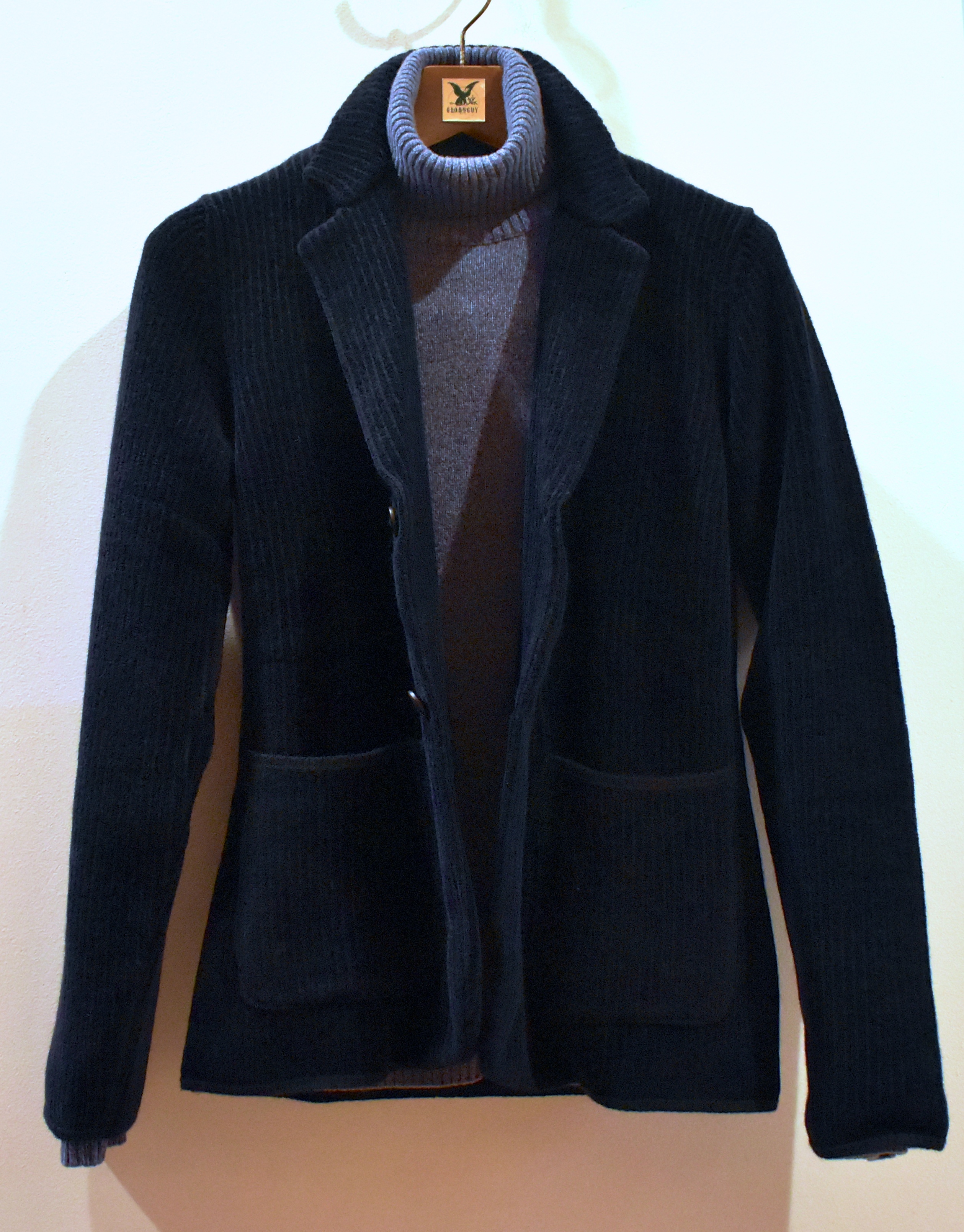 こちらのシングルも、なかなかの色気を秘めております。morganoのメランジタートルネックの上に重ねましたが、セクシーです。テイラードのジャケットにはない力の抜き加減がニットジャケットの魅力、それでいて洒脱感も兼ね備えた1枚でしょう。
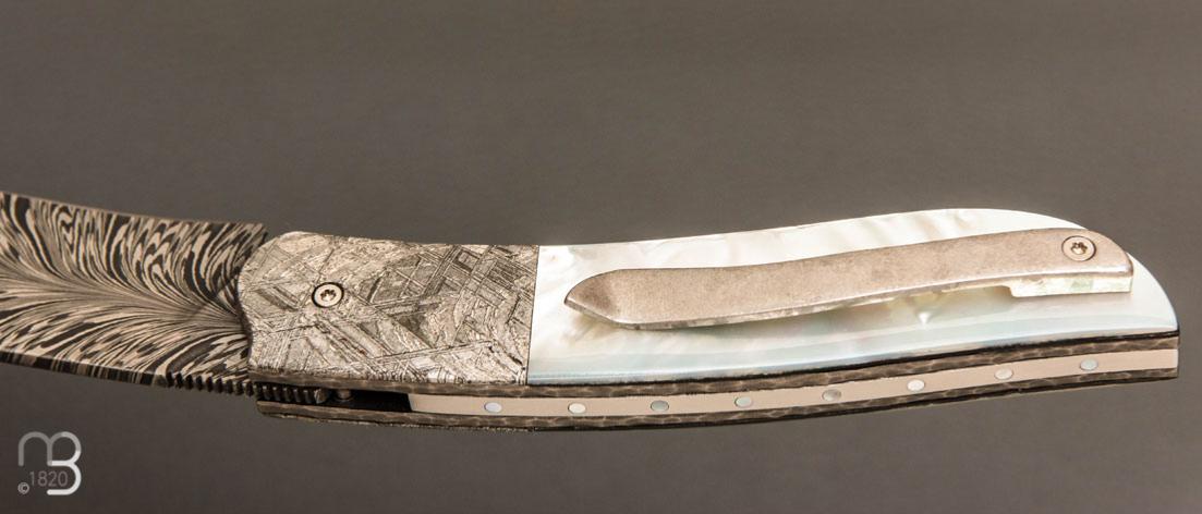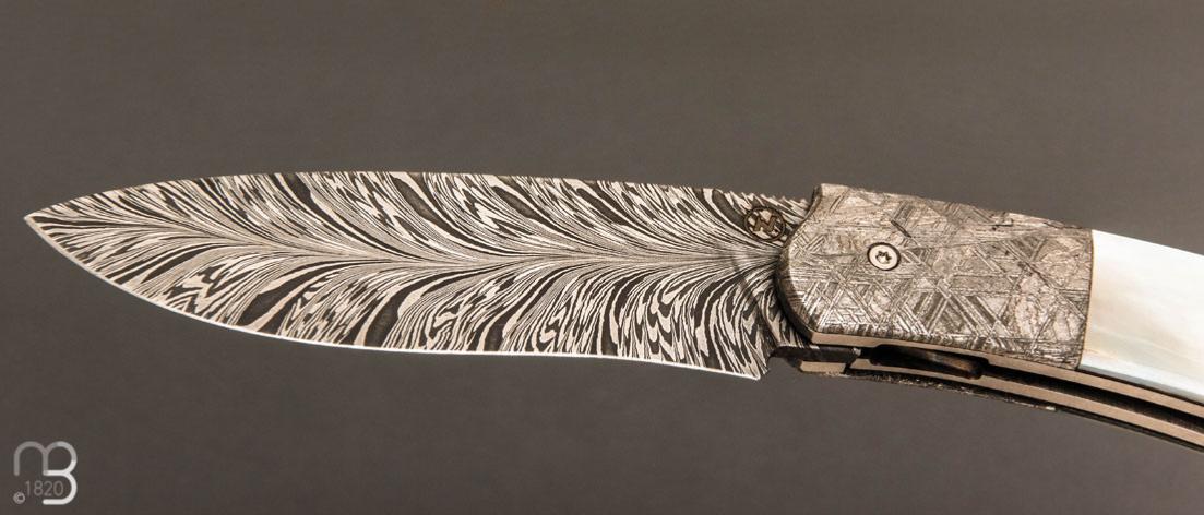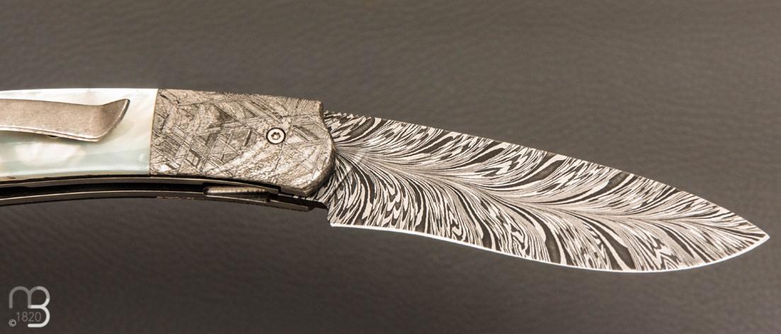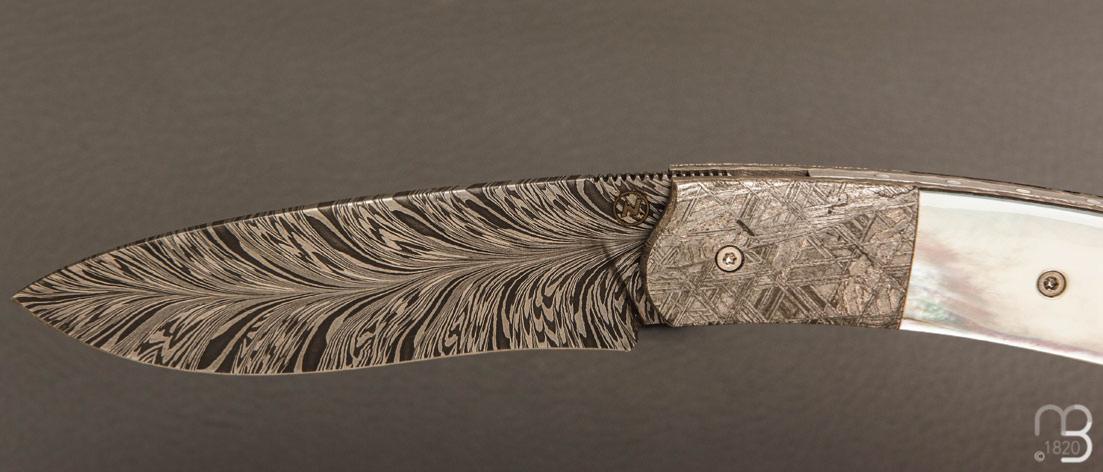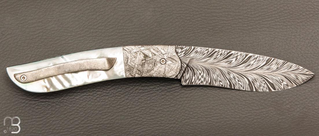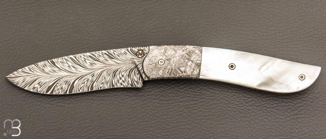 Le GYR est le nouveau modèle du jeune coutelier Français Tim Bernard, ici proposé en version "luxe" avec des plaquettes en nacre blanche, mitres en météorite et une lame en damas plume forgé par Tim.
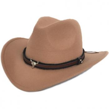 Ox Head Unisex Woolen Cowboy Hat with Wide Brim & Strap
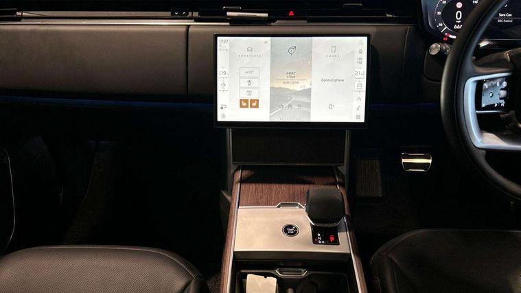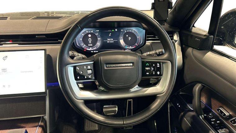 13.1" Touchscreen, 3D surround camera inc frwd traffic detection, vehicle clearance guidance, 3D view, clearsight ground view, manoevure light, 360 parking aid, wade sensing, All Terrain Info Centre, All wheel steering, Android Auto, Apple car play, Blind spot assist, Bluetooth connectivity streaming, Driver condition response, Eco mode, Electric power assisted steering (EPAS), Emergency call service, Front and rear parking aid, Interactive driver display, Lane keep assist, Park assist, Rear collision monitor, Rear traffic monitor, Remote, Traffic sign recognition with adaptive speed limiter, Wi-Fi Enabled with data plan, Wireless device charging with phone signal booster, 8 speed automatic transmission, Active damper technology system, Adaptive dynamics, All terrain progress control, All Wheel Drive (AWD), Automatic access height, Terrain Response 2 Auto, Twin speed transfer box, Digital Audio Broadcast radio-DAB, Pivi pro including smart settings, Connected navigation pro, nuance speech, USB socket, Acoustic laminated windscreen, Animated directional indicators, Automatic headlights, Automatic levelling headlights, Centre high mounted stop light, Electric windows with one touch open/close and anti trap, Engine cover, Flush deployable exterior door handles, Front and rear recovery eyes, Front fog lights, Headlamp power wash, Heated rear window, Heated washer jets, Illuminated aluminum treadplates with Range Rover script, LED tail lights, No badges, Pixel LED headlights with signature DRL, Power fold, auto-dimming, heated door mirrors with approach lights, Rain sensing windscreen wipers, Rear boot, Rear fog lights, Rear side wing doors, Side repeater indicators in mirror, Trailer stability assist, Winter wiper park position, 12V power sockets, 3 seat bench in 2nd row, Air quality sensor, Bright metal pedals, Cabin lighting, Customer configurable single point entry, Driver and passenger front seat armrests, Easy boot loading, Ebony Carpet, Front and rear cupholders, Front and rear grab handles, Front head restraints, Gearshift paddles, Heated steering wheel, Hook in load space, Loadspace light, Luggage tie down in loadspace, Multifunction steering wheel, Rear centre armrest, Rear head restraints, Rear ISOFIX, Single front passenger seat, Soft close doors, Upper and lower glovebox, Online pack with data plan - Range Rover, 3x3 point rear seat belts, Anti-lock braking system (ABS), Brake hold function, Cornering brake control (CBC), Customer configurable autolock, DSC - Dynamic Stability Control, Electronic brake force distribution, Electronic parking brake, Electronic traction control, Emergency braking, Front airbags with passenger seat occupant detector, Front side airbags, Hill descent control, Hill launch assist, Low traction launch, Occupant protection assist, Power operated child locks, Roll stability control, Tyre pressure monitoring system (TPMS), Immobiliser, Intrusion sensor and alarm, Keyless entry, Locking wheel nuts, Remote central locking, Noble chrome controls,
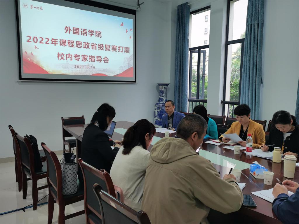 2022年5月19日下午,成人有声小说 省级课程思政复赛校内专家打磨研讨会在百熙楼223会议室举行。会议邀请教务处副处长唐文杰、现代教育发展学院院长曾晓洁、文学与新闻传播学院副院长罗燕、成人有声小说 刘明东教授、2021年国家级课程思政教学设计比赛特等奖获者李双老师5位专家为 成人有声小说 参加省级课程思政复赛的王彩虹、雷琬瑢两位教师进行课程设计打磨和润色。成人有声小说 党委书记刘祥清教授参加。学院副院长刘宇松主持。
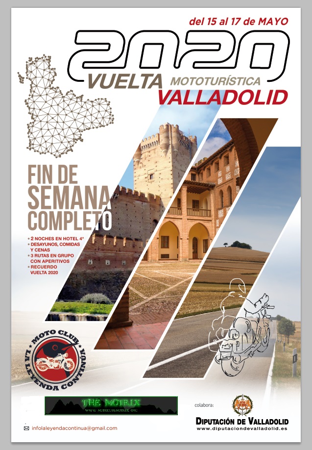 El Moto Club La Leyenda Continúa de Valladolid, organizador, entre otras actividades, de la Concentración Invernal de enero “La Leyenda Continúa” en Cantalejo (Segovia), vuelve a organizar para los días 18,19 y 20 de mayo la “VUELTA MOTOTURÍSTICA A VALLADOLID”, un completo fin de semana, desde la noche del viernes en la que tendrá lugar la recepción de los motoristas participantes en un hotel de la zona, hasta la comida de despedida del domingo, durante el que se recorrerán carreteras y rincones poco conocidos de la provincia, en plena meseta castellana, visitando lugares de interés y degustando los más típicos productos gastronómicos de la zona, en la inscripción se incluyen todos los gastos de dos noches de hotel, desayunos, comidas, cenas y aperitivos en ruta, programa y recuerdo de la Ruta.
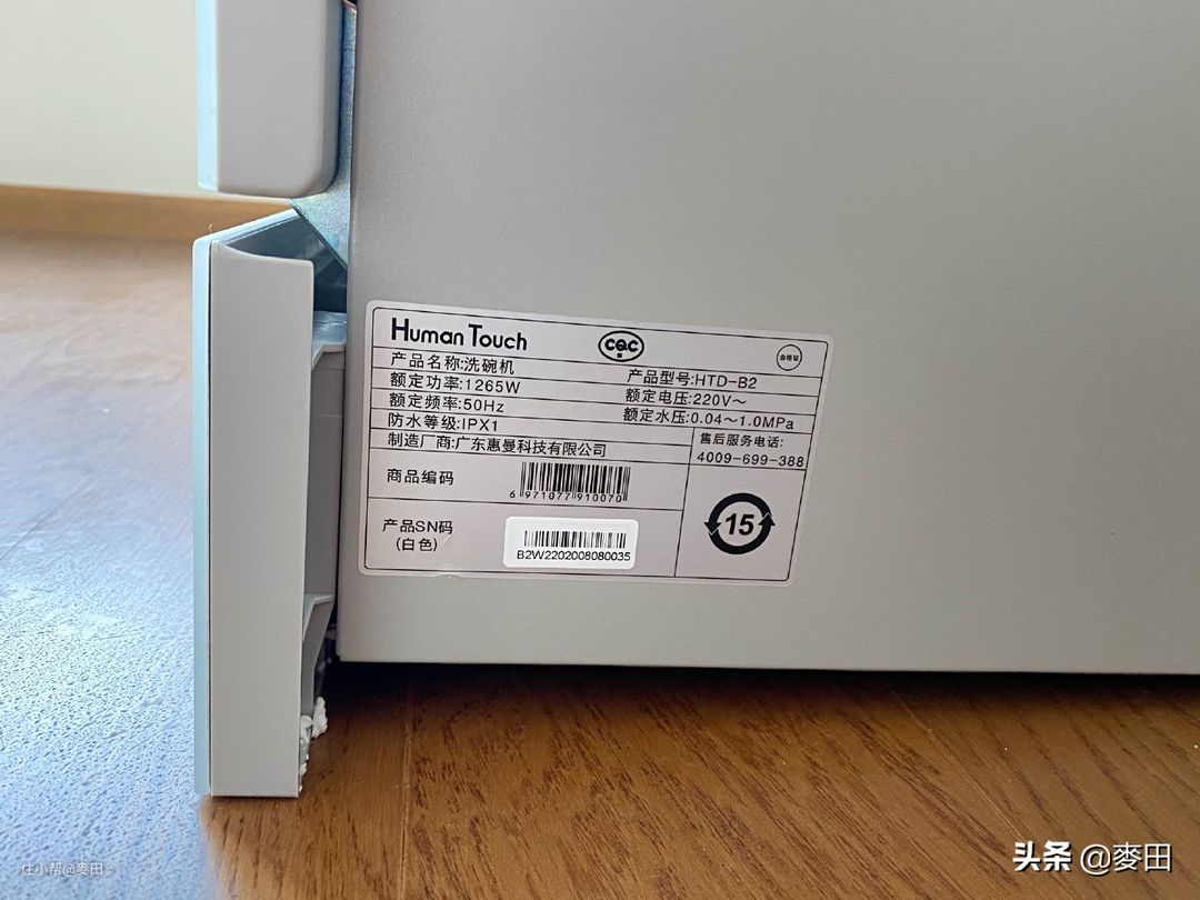 左侧下方有这款洗碗机的一些参数,额定功率为1265W,额定电源220V。额定水压:0.04MPa~1.0MPa,这个参数让我有点惊讶,意味着只要水管能够放水进洗碗机,那么就可以使用。

- - - - - - -

# [What you have to do]
Restate it all word for word: every record, no pictures.

# [Task result]
 こちらのシングルも、なかなかの色気を秘めております。morganoのメランジタートルネックの上に重ねましたが、セクシーです。テイラードのジャケットにはない力の抜き加減がニットジャケットの魅力、それでいて洒脱感も兼ね備えた1枚でしょう。
 Le GYR est le nouveau modèle du jeune coutelier Français Tim Bernard, ici proposé en version "luxe" avec des plaquettes en nacre blanche, mitres en météorite et une lame en damas plume forgé par Tim.
 Ox Head Unisex Woolen Cowboy Hat with Wide Brim & Strap
 13.1" Touchscreen, 3D surround camera inc frwd traffic detection, vehicle clearance guidance, 3D view, clearsight ground view, manoevure light, 360 parking aid, wade sensing, All Terrain Info Centre, All wheel steering, Android Auto, Apple car play, Blind spot assist, Bluetooth connectivity streaming, Driver condition response, Eco mode, Electric power assisted steering (EPAS), Emergency call service, Front and rear parking aid, Interactive driver display, Lane keep assist, Park assist, Rear collision monitor, Rear traffic monitor, Remote, Traffic sign recognition with adaptive speed limiter, Wi-Fi Enabled with data plan, Wireless device charging with phone signal booster, 8 speed automatic transmission, Active damper technology system, Adaptive dynamics, All terrain progress control, All Wheel Drive (AWD), Automatic access height, Terrain Response 2 Auto, Twin speed transfer box, Digital Audio Broadcast radio-DAB, Pivi pro including smart settings, Connected navigation pro, nuance speech, USB socket, Acoustic laminated windscreen, Animated directional indicators, Automatic headlights, Automatic levelling headlights, Centre high mounted stop light, Electric windows with one touch open/close and anti trap, Engine cover, Flush deployable exterior door handles, Front and rear recovery eyes, Front fog lights, Headlamp power wash, Heated rear window, Heated washer jets, Illuminated aluminum treadplates with Range Rover script, LED tail lights, No badges, Pixel LED headlights with signature DRL, Power fold, auto-dimming, heated door mirrors with approach lights, Rain sensing windscreen wipers, Rear boot, Rear fog lights, Rear side wing doors, Side repeater indicators in mirror, Trailer stability assist, Winter wiper park position, 12V power sockets, 3 seat bench in 2nd row, Air quality sensor, Bright metal pedals, Cabin lighting, Customer configurable single point entry, Driver and passenger front seat armrests, Easy boot loading, Ebony Carpet, Front and rear cupholders, Front and rear grab handles, Front head restraints, Gearshift paddles, Heated steering wheel, Hook in load space, Loadspace light, Luggage tie down in loadspace, Multifunction steering wheel, Rear centre armrest, Rear head restraints, Rear ISOFIX, Single front passenger seat, Soft close doors, Upper and lower glovebox, Online pack with data plan - Range Rover, 3x3 point rear seat belts, Anti-lock braking system (ABS), Brake hold function, Cornering brake control (CBC), Customer configurable autolock, DSC - Dynamic Stability Control, Electronic brake force distribution, Electronic parking brake, Electronic traction control, Emergency braking, Front airbags with passenger seat occupant detector, Front side airbags, Hill descent control, Hill launch assist, Low traction launch, Occupant protection assist, Power operated child locks, Roll stability control, Tyre pressure monitoring system (TPMS), Immobiliser, Intrusion sensor and alarm, Keyless entry, Locking wheel nuts, Remote central locking, Noble chrome controls,
 2022年5月19日下午,成人有声小说 省级课程思政复赛校内专家打磨研讨会在百熙楼223会议室举行。会议邀请教务处副处长唐文杰、现代教育发展学院院长曾晓洁、文学与新闻传播学院副院长罗燕、成人有声小说 刘明东教授、2021年国家级课程思政教学设计比赛特等奖获者李双老师5位专家为 成人有声小说 参加省级课程思政复赛的王彩虹、雷琬瑢两位教师进行课程设计打磨和润色。成人有声小说 党委书记刘祥清教授参加。学院副院长刘宇松主持。
 El Moto Club La Leyenda Continúa de Valladolid, organizador, entre otras actividades, de la Concentración Invernal de enero “La Leyenda Continúa” en Cantalejo (Segovia), vuelve a organizar para los días 18,19 y 20 de mayo la “VUELTA MOTOTURÍSTICA A VALLADOLID”, un completo fin de semana, desde la noche del viernes en la que tendrá lugar la recepción de los motoristas participantes en un hotel de la zona, hasta la comida de despedida del domingo, durante el que se recorrerán carreteras y rincones poco conocidos de la provincia, en plena meseta castellana, visitando lugares de interés y degustando los más típicos productos gastronómicos de la zona, en la inscripción se incluyen todos los gastos de dos noches de hotel, desayunos, comidas, cenas y aperitivos en ruta, programa y recuerdo de la Ruta.
 左侧下方有这款洗碗机的一些参数,额定功率为1265W,额定电源220V。额定水压:0.04MPa~1.0MPa,这个参数让我有点惊讶,意味着只要水管能够放水进洗碗机,那么就可以使用。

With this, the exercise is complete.